Он болезненно морщит лоб.
– Ответила мне. Говорит, что мне этого не понять, что я чужой.
– Чужой?
Еще миг – и я закричу. Надо уйти к себе, остаться одному, быть в тишине, а здесь душно, люди курят, пьют, смеются, звенят стаканы, шаркают ноги.
II
– Ты ему так и сказала, что он чужой? Да?
Эстер молчит. Я продолжаю:
– Почему Аким чужой, а не я?
– Я уже тебе говорила.
– А третьего дня, неделю тому назад он не был чужим?
– Всегда был чужим.
Спокойно и прямо глядит мне в лицо, только губы побелели. Я низко опускаю голову, не знаю, куда деть руки, ноги. Мне тяжело выпрямиться. За стеной стучит молоток: Аким заколачивает ящики. Вчера мы решили, что без фотографии нельзя переехать в К. Днем Аким составил объявление о закрытии фотографии, завтра это объявление появится в газете. Аким раньше всех уедет в К., будет снята новая квартира, станут приходить новые посетители, будут новые улицы, я поселюсь в новой гостинице и…
– Слышишь? – шепотом спрашиваю я Эстер и прислушиваюсь, как чутко и уверенно выстукивает молоток.
– Слышу.
– Это Аким работает. В субботу уезжает.
– Знаю.
В ее голосе неприкрытая враждебность. Я пытаюсь засмеяться:
– Национальная вражда?
Молчит. Я еще ближе подвигаюсь к ней.
– Не едешь? Аким чужой, дело чужое? Эстер еврейка, а потому…
Горестно перебивает меня:
– Разве ты не понимаешь, почему я отказываюсь ехать, почему я не могу поехать?
Опять вздрагивают синие жилки под ее подбородком, точно так же как вздрагивали в день ее приезда из Лондона, и тотчас я догадываюсь, что надо спросить:
– Это давно началось?
Она ничего не отвечает, только глубоко вздохнула. Мне кажется, что так вздыхает человек, освободившись от огромной, ненужной тяжести, и я еще настойчивее спрашиваю:
– В Лондоне? После того разговора?
– Раньше.
Стучит молоток. Ветер зашумел за окном, не то завыл, не то заскулил, как обиженный бездомный щенок.

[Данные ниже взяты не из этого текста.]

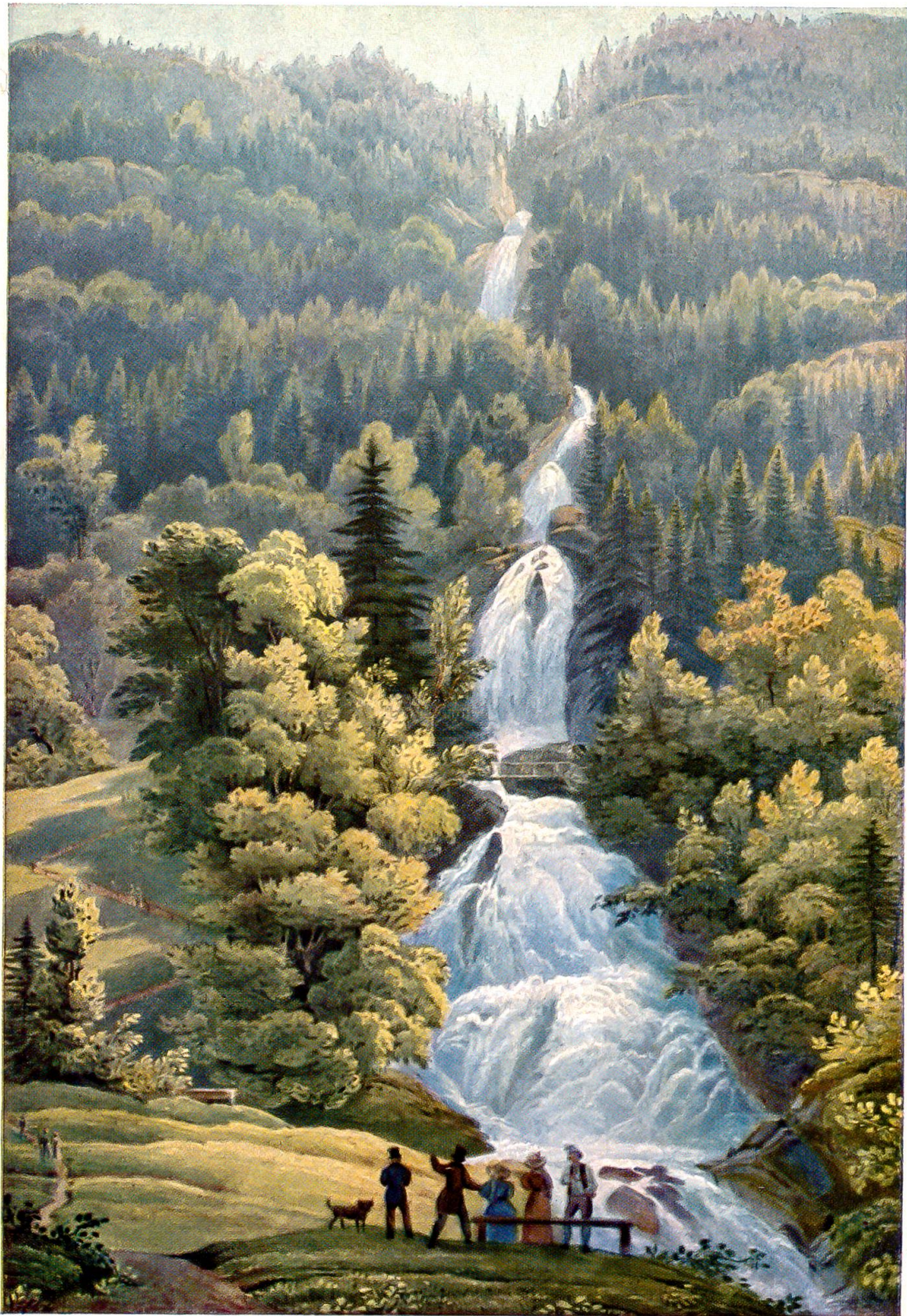
Die Gießbachfälle mit dem Kehrlibänklein nach einem Aquarell von S. Corrodi um 1830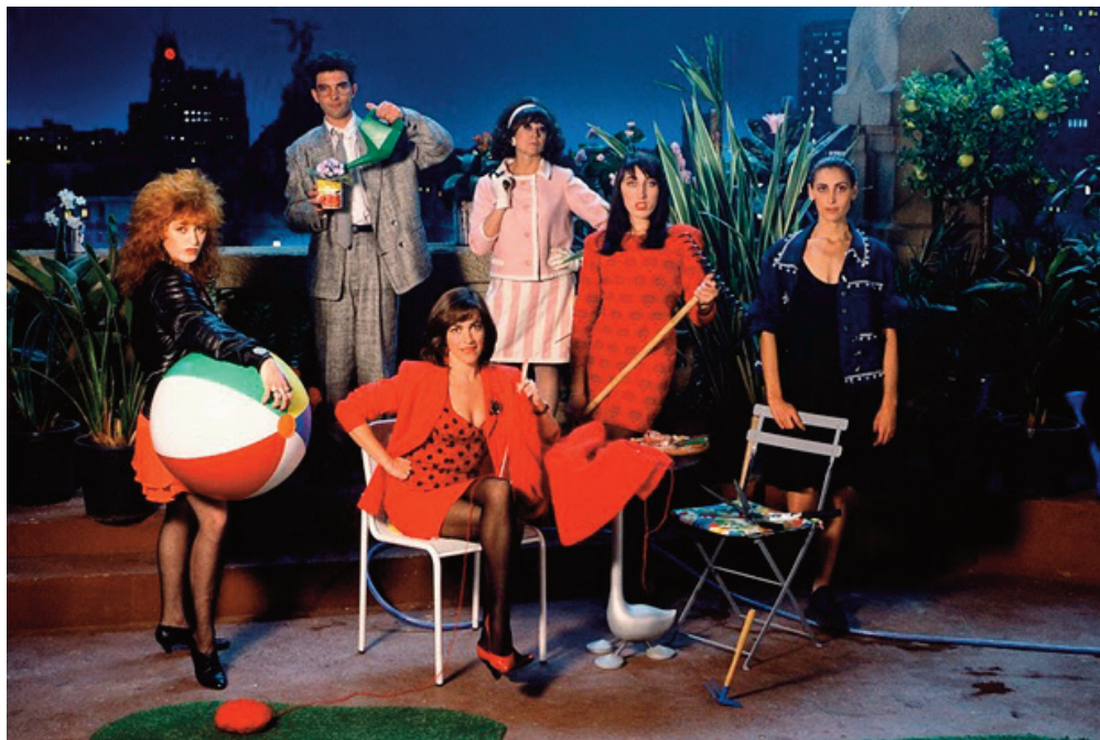
Donne sull'orlo di una crisi di nervi, 1988, Pedro Almodóvar.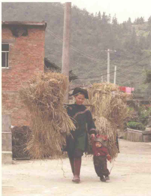
挑稻草的水族妇女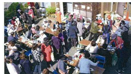
活況の憩いの広場

憩いの広場では、防災部と婦人会さくらの皆さんの心温まるカレーとお汁粉が振る舞われ、大勢の皆さんのお腹を満たしました。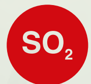
ANIDRIDE SOLFOROSA E SOLFITI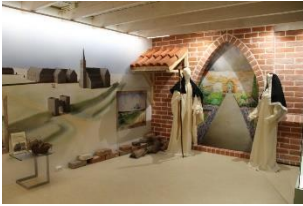
Foto: De inrichting in Observeum over kerk, klooster en monnik. Vanaf de kruising 54 volgt u de fietsknooppunten naar 81 via de Kloosterlaan. Rechts van u, ten noorden van de kerk, bevond zich ooit het klooster. Door het Friese landschap gaat via Quatrebras en een klein stukje richting Hurdegaryp naar 68 en het oude buurtschap Feanwâldsterwâl.

Foto: Observeum. U start deze noordelijke route vanaf Observeum, waarbij we zo nu en dan de historische paden gebruiken van de ( schiere ) monniken naar Dokkum. Onderweg staan we stil bij kerken en voormalige kloosters, maar ook bij de armenhuizen in diverse plaatsen. Kortom Charité ( naastenliefde, liefdadigheid, liefderijkheid; barmhartigheid ) van weleer in een arme Friese plattelandstreek. Vanaf het parkeerterrein steekt u over naar de Kerklaan, v.h. De Lykwei. Het behoeft geen betoog dat deze voert naar de begraafplaats verderop. Aan het eind van dit klinkerpad gaat u rechtsaf langs de Kruiskerk (Sint Maarten, 12 e eeuw) . In vroeger dagen was daar, tot afbraak en afbranden in 1581, een groot klooster ( Bergklooster ).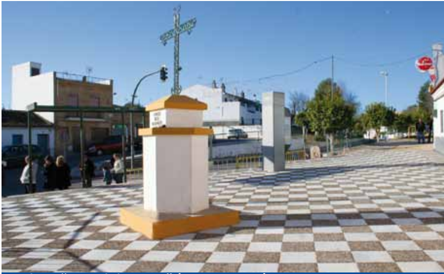
Plaza "Cruz del Barrio" (PFOEA 2012)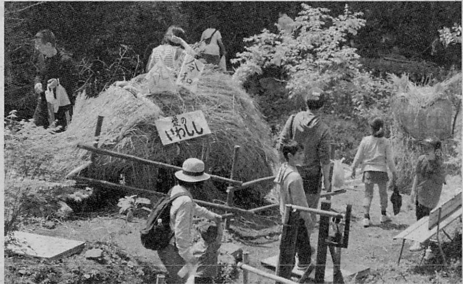
岩にわらをかぶせた「イワシ」などを展示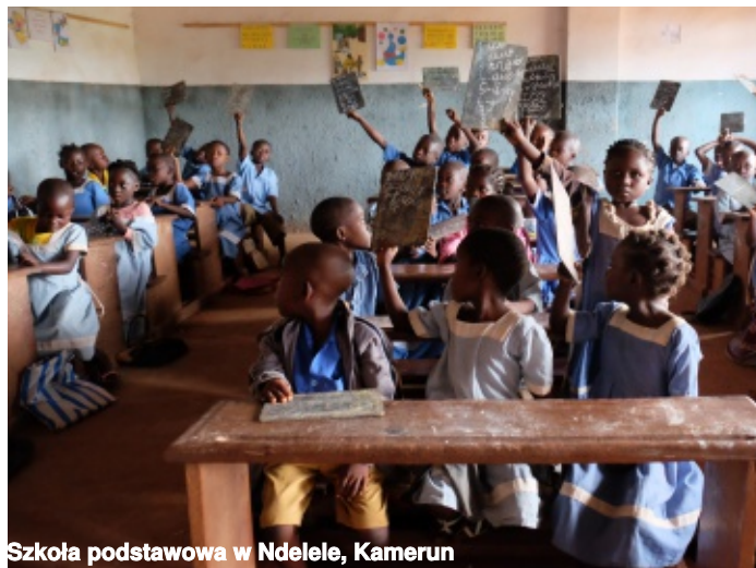
Szkoła podstawowa w Ndelele, Kamerun

Czy kiedykolwiek zastanawiali się Państwo nad tym jak wygląda szkolnictwo w krajach Trzeciego Świata? Jak bardzo odmienne są warunki edukacji dzieci z Polski i dzieci z Afryki? Przekonali się o tym uczniowie ze Szkoły Podstawowej im. Jana III Sobieskiego w Woli Rasztowskiej, którzy wzięli udział w programie „Adopcja Serca”.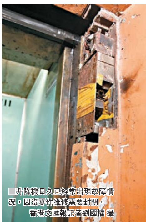
升降機日久已經常出現故障情況,因沒零件維修需要封閉。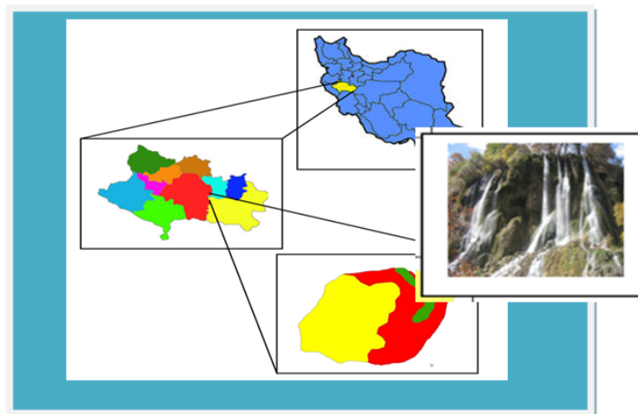
شکل ۱- موقعیت جغرافیایی آبشار بیشه لرستان

بسط فعالیت های گردشگری به مناطق بیابانی، کوهستانی، دریاچه ها و جاذبه های شاخص ژئوتوریسم و تهدیدهای احتمالی همه این محیط های زیست افزایش خواهد یافت، مگر آن که توسعه پایدار و اصول و فرآیندهای مدیریت در استفاده از آن ها اعمال گردد. یکی از مهم ترین عوامل بررسی پایداری جاذبه های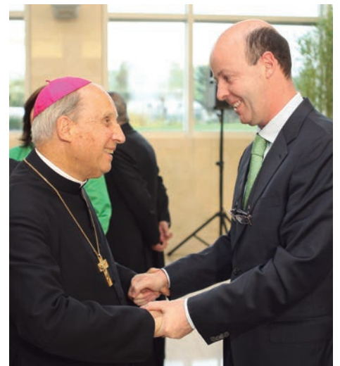
Imágenes del multitudinario funeral de Mons. Javier Echevarría y distintos momentos de su paso por la Clínica Universidad de Navarra.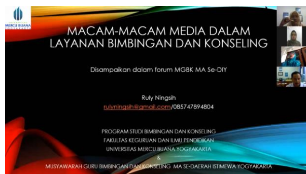
Gambar 2. Pemaparan Materi 2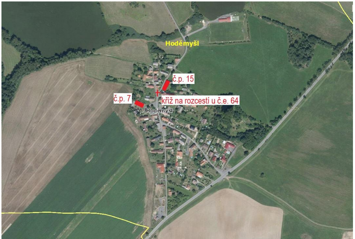
Obr.: architektonicky cenné stavby - Hoděmyšl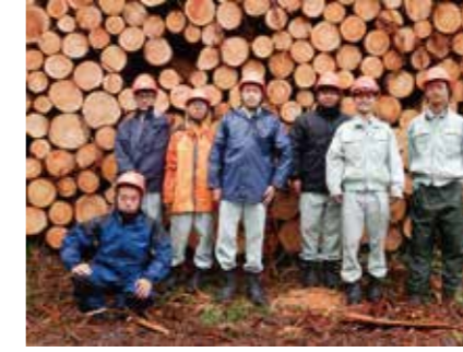
▲ 現地研修（木材市場）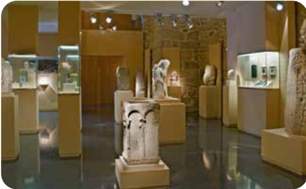
INTERIOR DA SALA DE ESCULTURA DO MUSEO ARQUEOLÓXICO PROVINCIAL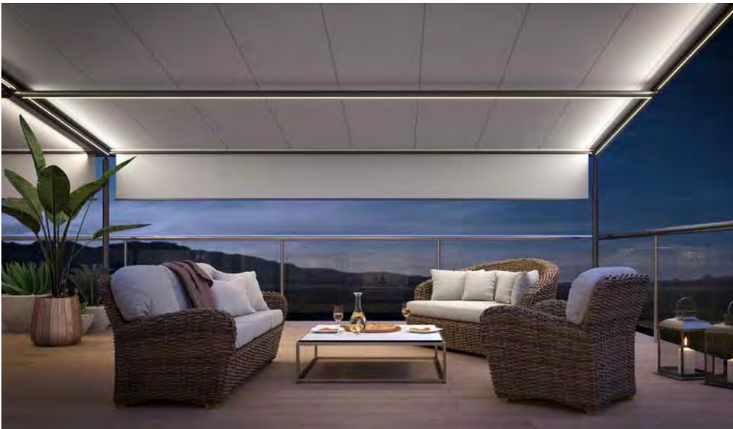
markilux súper-sombra e iluminación LED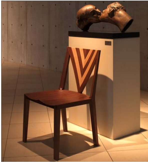
写真は(ベース)ウォールナット材、(サブ)ハードメープル材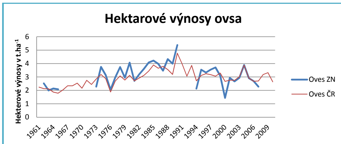
Obrázek č. 4 Vývoj hektarových výnosů ovsa t.ha -1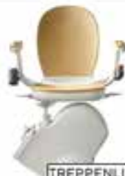
TREPPENLIFTE ab 2.999€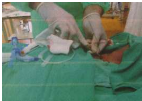
3.6.14. Širenje traheje dilatatorom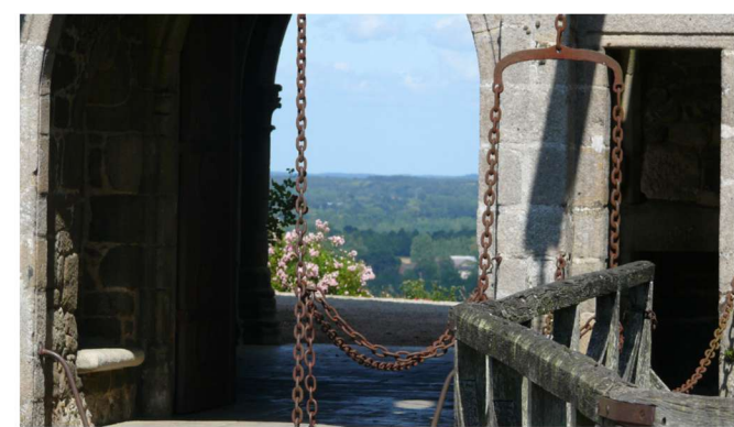
Château de Montmuran

Le parcours se déroule dans la contrée où Bertrand Duguesclin fut armé chevalier de Tinténiac en 1354. Au départ de Tinténiac, dont le bourg possède un patrimoine architectural remarquable et très riche, vous serez enchantés par la diversité des paysages traversés : canal d'Ille-et-Rance, écluses et maisons éclairées, panorama sur la plaine de Tinténiac, des hauts de Hédé, églises, manoirs et châteaux. À voir absolument : le château de Montmuran et ses deux ponts-levis tels que les a connus Duguesclin.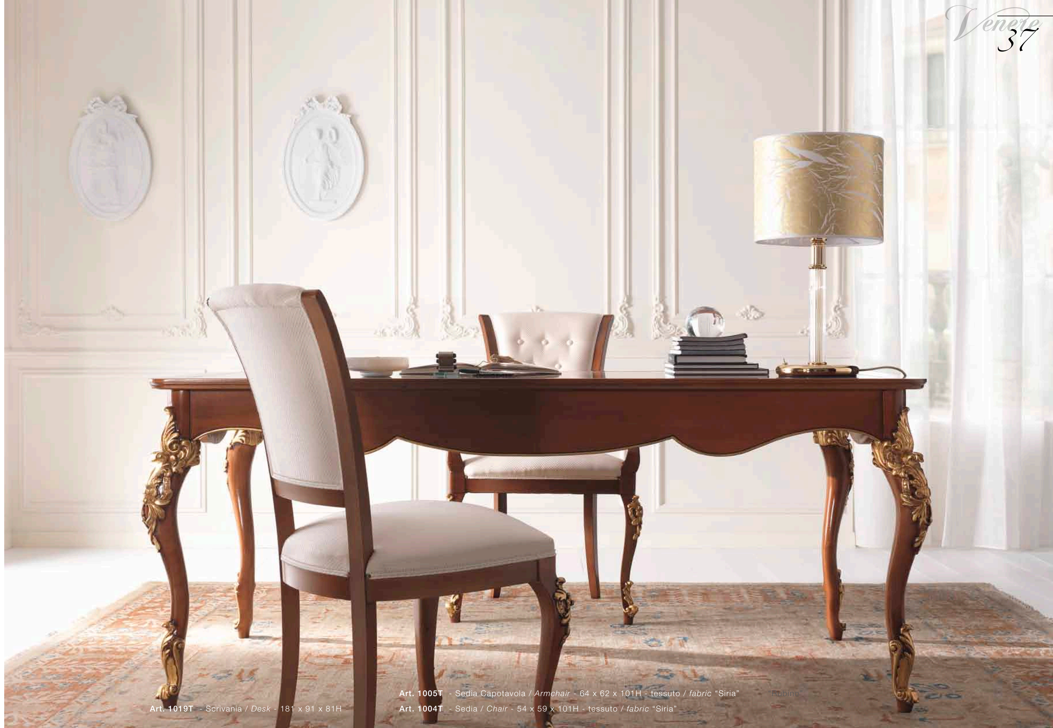
Art. 1019T - Scrivania / Desk - 181 x 91 x 81H

Practicality, functionality, tradition and history in the classic and elegant studio; and above all very current.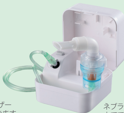
ネブライザーキットを本体に立てて使用することも可能です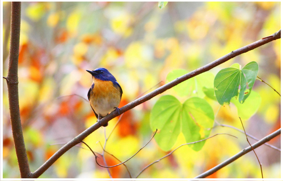
นกจับแมลงคอน้ำตาลแดง : Hill Blue Flycatcher : Cyornis banyumas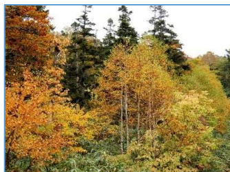
リフト脇の紅葉鮮やか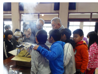
アルファ米の炊き出し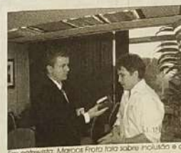
Em entrevista, Marcos Frota fala sobre inclusão e o preconceito.

de deficiência, esse espetáculo tem uma grande mensagem, que é: "O deficiente que não se expõe, não se empoe".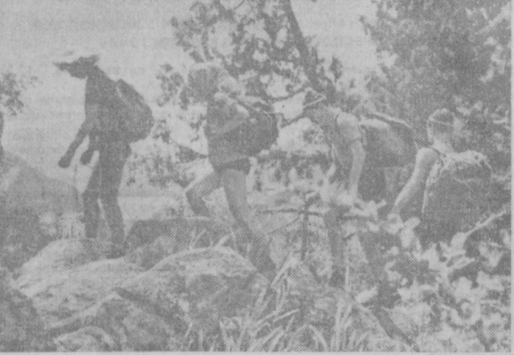
Мягкая, уютная дорога дальше. Спортсмен узбекского добровольного спортивного общества «Динамо» на берегу озера Сары-Челек.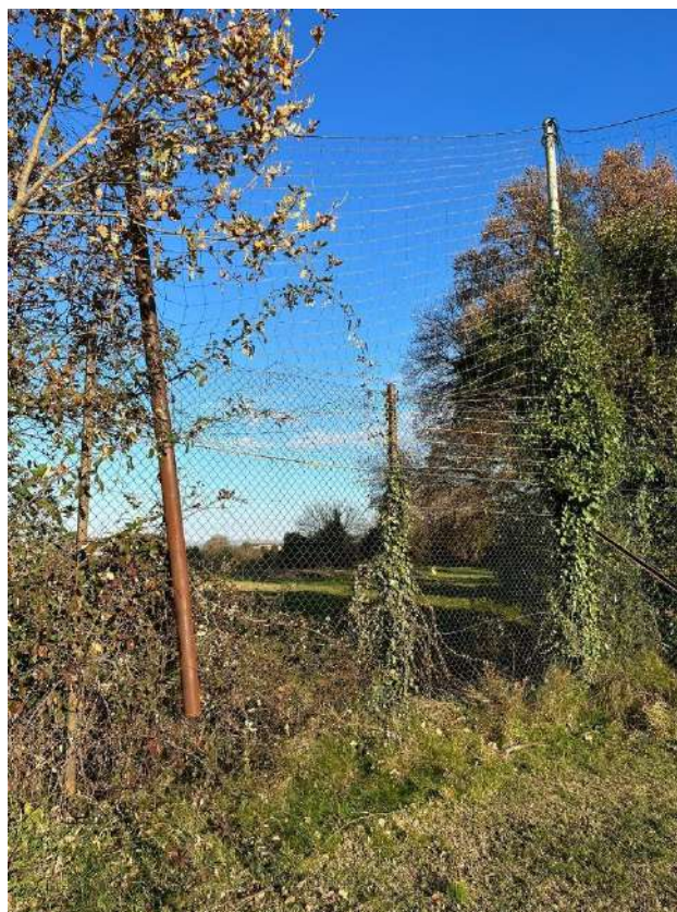
Rete dietro la porta campo principale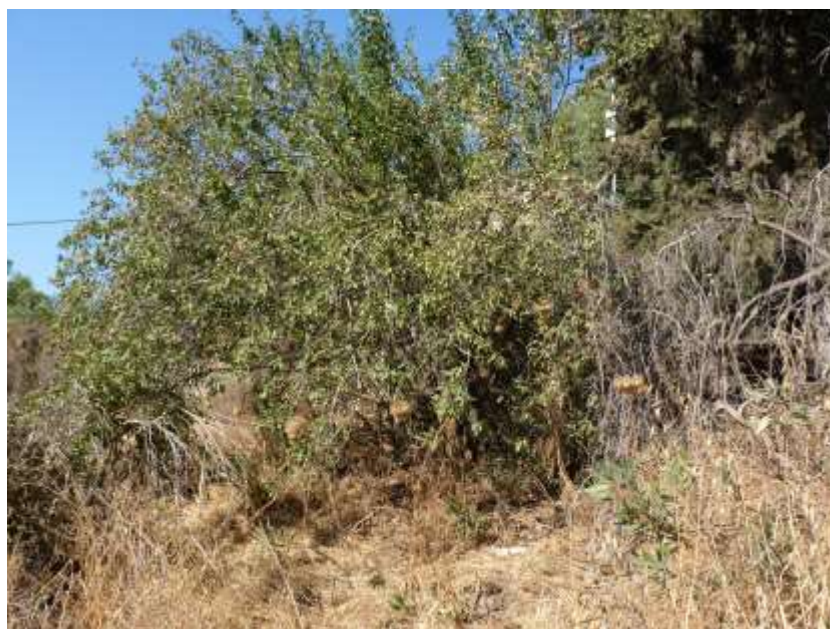
עץ מס' 864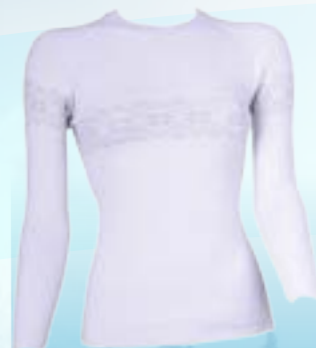
SEAM ROYAL DLR 50%POLYAMID 38%WOOL MERINO 9%POLYPROPYLÉN 3%ELASTAN BIELOSIVÁ ♀ S/M L/XL ART. 85674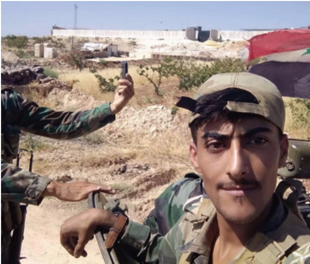
Morek Türk Gözlem Noktası önünde görüntü kaydeden bir rejim askerî 4

► Suriye Arap Silahlı Kuvvetleri, Morek gözlem noktasının ikmal hatlarını keserek ilgili sahadaki Türk askeri birliğini fiilen izole etmiştir. Gözlem noktasında konuşlu unsurlar şu ana kadar herhangi bir saldırıya maruz kalmasa da, ikmal hattını açık tutmak ve gerekirse ileri konuşlandırılmış personeli tahliye etmek Ankara için problematik konulardır. Ayrıca, Suriye Arap Silahlı Kuvvetleri birlikleri Morek gözlem noktasına tehlikeli bir mesafede – birkaç yüz metreye kadar yakın – konumlanmış durumdadır. Sosyal medyadan elde edilen görüntüler, beraberlerindeki ana muharebe tankı ile Morek'teki Türk gözlem noktasının önünden geçen küçük bir Suriye müfrezesini göstermektedir 3 . Kuşkusuz, bu kadar bulanık temas hatları ve çok dinamik operasyon alanı parametreleri, taktik düzeydeki basit hataları veya yanlış anlaşılması politik-askeri tırmanmalara çevirebilecektir.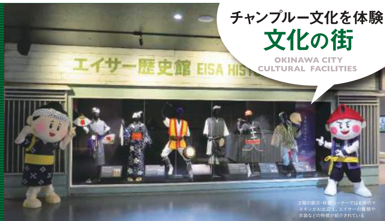
2階の展示・体験コーナーでは6体のマネキンがお出迎え。エイサーの種類や衣装などの特徴が紹介されている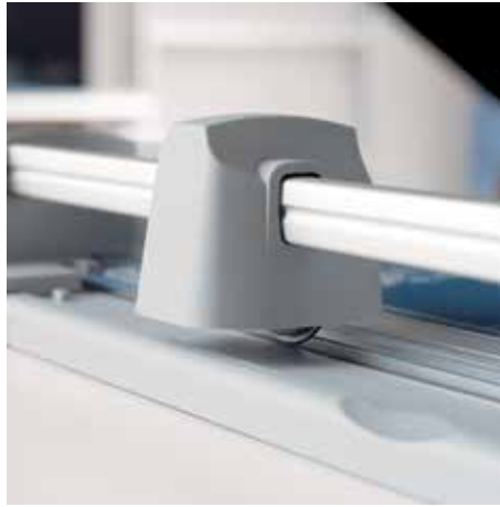
Bezpieczne cięcie dzięki zabezpieczeniu ostrza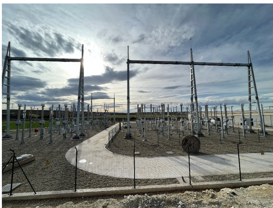
Figura 5 CS Ave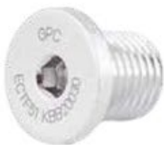
Tapón Tibial-Femural ECTF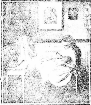
Η «ΚΟΥΚΛΑ». Πίναξ του Δάρρ.

Με ποιά αγάπη ή μικρή αυτή κινή περιποιείται, ναουρίζει και ντύνει την κοκλίδα της. Βλέπει κανείς στις φροντίδες της αυτές έλη τη σταγή μας άληφνης μητέρας!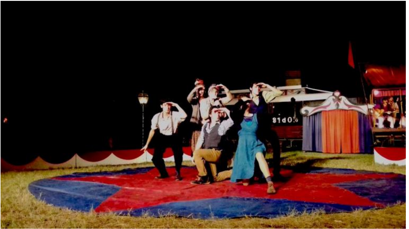
Ensemble "Entrez dans la danse" - Villa Angeletti (BO).

– Раньше. Уже давно, Саша. Потом все больше и больше. Помнишь разговор о рабочих? Помнишь, Аким говорил, что это наша целина и нельзя ее попирать? Надо ехать в К., а там три четверти жителей – евреи. Подумай. Это ведь искра для пожара… Со всех сторон загорится. Набросятся, как волки, сдавят со всех сторон и бить будут, убивать. Погром будет. На всех упадет, все население еврейское. Это тоже целина, моя целина. Не могу… Давно началось, еще до Лондона. Последнее пришло – это К., и я больше не хочу. К. – это последняя ступенька, и я не переступлю ее, я не поеду туда. Знаешь, бывают минуты, когда приходится особенно глубоко подумать, и тогда заглядываешь во все, повсюду и тогда нельзя лгать себе, тогда широко раскрываешь глаза и все видишь. Знаешь, вот идешь по дороге, попадается одно препятствие, другое, преодолеешь их, идешь дальше и вдруг видишь пропасть, огромную, глубокую, и сразу ясно становится, что шел не по той дороге. Пропасть расколола ее надвое. Тогда что, Саша? В пропасть? Милый, нельзя в пропасть, нельзя. Не страх за свою жизнь, ах, это мелочь в сравнении с другим. Подумай, десятки жизней. Ты меня слушаешь?
– Слушаю.
– Подходишь к такой пропасти, и все, что позади, сразу озаряется. Все тогда понимаешь. Что оставил, от чего ушел. Не только боязнь уничтожить десятки жизней – любовь к ним. Моя целина, Саша. И твоя и Бориса. Кровная, родная. Народ наш. Тысячи нитей, и они связывают нас с ним. Не могу… Будут убивать, мучить. Ведь это мое. Будут бить Залмана, Шолома – это меня будут бить; насиловать Хаю, Лею – меня. Не могу, не поеду! Саша, только что ты усмехался и, усмехаясь, сказал: национальная вражда. Ты смеялся, а я…
Встает.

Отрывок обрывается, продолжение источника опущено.